I don't see that stuff as "disrespecting" the heroes of old. I see it as showing the passage of time. And I think if you're gonna take a group of septuagenarian actors and bring them back to be heroes...you have to account for that. You can't ignore it.
I think for a lot of fans and viewers, this is...deeply uncomfortable. We don't
want our heroes to get older. We don't
want them to be unhappy, or to have had their lives fall apart after the grand adventure. We don't want to see them less physically able, overweight, wrinkled, etc. But the only solution for that....is to
end their stories altogether when they are younger. This is why fairy tales end with "And they all lived happily ever after." Because to turn the page
beyond that point, to confront what "ever after" really means...is to confront much harder realities of the world. That the victories of the past give way to the conflicts of the present, that the heroes of the past wither and fade with age or disease and eventually die, and really that
nothing lasts forever.
Hollywood...is of two minds on this. They know audiences want to live in that space of enjoying their favorite films with their favorite characters forever. But they also...need to keep making new stories.
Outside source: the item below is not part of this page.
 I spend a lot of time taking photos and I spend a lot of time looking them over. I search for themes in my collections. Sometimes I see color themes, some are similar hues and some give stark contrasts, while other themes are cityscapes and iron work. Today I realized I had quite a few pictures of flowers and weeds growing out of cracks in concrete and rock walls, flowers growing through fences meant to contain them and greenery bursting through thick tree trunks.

They keep trying to do this by bringing back the old heroes, and we as audiences keep being forced to grapple with the fact that our old heroes are
necessarily diminished by the passage of time (to say nothing of whatever narrative elements a sequel introduces).
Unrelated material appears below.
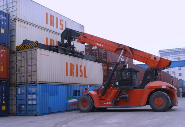 2008年7月20日,安徽合力自主创新设计制造的RSH4532集装箱正面吊运机被芜湖港购买并投入使用,合力正面吊正式进入市场。

I don't tend to see any disrespect intended when a story shows the old heroes as, well, old, less physically capable, and that their victories were not permanent. I don't think it's disrespect behind something like "He's no longer getting 'I love yous' written on eyelids. Now the audience finds him boring." I think the film needs to deal with that stuff because, if it doesn't, it becomes a lot harder to believe. It ends up feeling...well...kinda awkward at least, like A View to a Kill where Roger Moore is still supposed to be an action hero and sex symbol, and girls are supposed to be swooning for Grandpa Bond.